● **DATA EXTRACT**:
Content starts

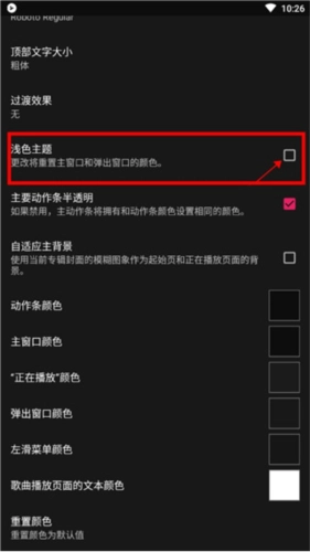 这里还能切换动作条颜色、主窗口颜色、“正在播放”颜色、弹出窗口颜色、左滑菜单颜色、歌曲播放页面的文本颜色,也可以重置颜色。
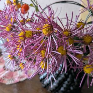 🍀🌻🪴💐🌹🌻🍀 🍀🩷古典菊(コテンギク)肥後菊・佐倉姫🩷🍀 💐菊(キク)の花言葉は(信頼) (高貴)  (高潔) (高尚)です 💐奈良時代に中国から薬用・鑑賞用   として日本へもたらされた菊は、  その薬効と美しさからか(不老長寿)  の象徴でもありました 💐お葬式に菊を使うようになったの   は明治時代からと言われていて、  これはフランスで葬儀の際、祭壇   に白い菊を飾る文化があったこと  が元になっていると言われていま   すが、はっきりとした由来のある  説ではなさそうです 💐もともと菊は丈夫で花持ちが良い   品種として知られていました、ま   た種類が多く他の花とも合わせや  すいためかも知れません *以上は古典菊についての特徴です   ここからは肥後菊も特徴です 💐肥後菊の花言葉は(高貴) (高潔) (高  尚)です 💐肥後菊はキク科キク属の宿根性(多  年草)です 💐肥後菊は「肥後六花(ひごろっか)」(朝顔、椿、菊、芍薬、山茶花、花   菖蒲)の一つで、肥後地方(熊本藩)  で特に伝統を持つ6つの花です 💐肥後菊の特徴は 一重咲き で、花弁   が筒状(細長い管のような形)です 💐中心の 花芯(中央部)が大きく盛り  上がって見えます、これは肥後六   花(肥後地方の伝統的な園芸植物群)  の特徴の一つです 💐肥後菊の色には白・黄色・赤など   があります 🍀🌻🪴💐🌹🌻🍀
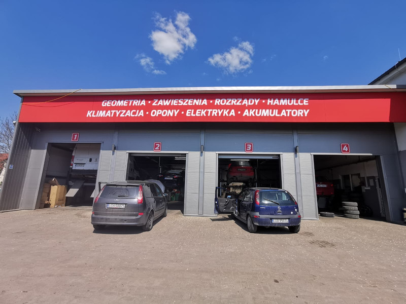 - 1 x podnośnik 4kolumnowy pod regulację geometrii kół (Nussbaum),

Content ends

● **PROBLEM REQUIREMENTS**:
Transcribe all the lines above exactly; any image among them is skipped.

● **EXPECTED ANSWER**:
 这里还能切换动作条颜色、主窗口颜色、“正在播放”颜色、弹出窗口颜色、左滑菜单颜色、歌曲播放页面的文本颜色,也可以重置颜色。
 🍀🌻🪴💐🌹🌻🍀 🍀🩷古典菊(コテンギク)肥後菊・佐倉姫🩷🍀 💐菊(キク)の花言葉は(信頼) (高貴)  (高潔) (高尚)です 💐奈良時代に中国から薬用・鑑賞用   として日本へもたらされた菊は、  その薬効と美しさからか(不老長寿)  の象徴でもありました 💐お葬式に菊を使うようになったの   は明治時代からと言われていて、  これはフランスで葬儀の際、祭壇   に白い菊を飾る文化があったこと  が元になっていると言われていま   すが、はっきりとした由来のある  説ではなさそうです 💐もともと菊は丈夫で花持ちが良い   品種として知られていました、ま   た種類が多く他の花とも合わせや  すいためかも知れません *以上は古典菊についての特徴です   ここからは肥後菊も特徴です 💐肥後菊の花言葉は(高貴) (高潔) (高  尚)です 💐肥後菊はキク科キク属の宿根性(多  年草)です 💐肥後菊は「肥後六花(ひごろっか)」(朝顔、椿、菊、芍薬、山茶花、花   菖蒲)の一つで、肥後地方(熊本藩)  で特に伝統を持つ6つの花です 💐肥後菊の特徴は 一重咲き で、花弁   が筒状(細長い管のような形)です 💐中心の 花芯(中央部)が大きく盛り  上がって見えます、これは肥後六   花(肥後地方の伝統的な園芸植物群)  の特徴の一つです 💐肥後菊の色には白・黄色・赤など   があります 🍀🌻🪴💐🌹🌻🍀
 - 1 x podnośnik 4kolumnowy pod regulację geometrii kół (Nussbaum),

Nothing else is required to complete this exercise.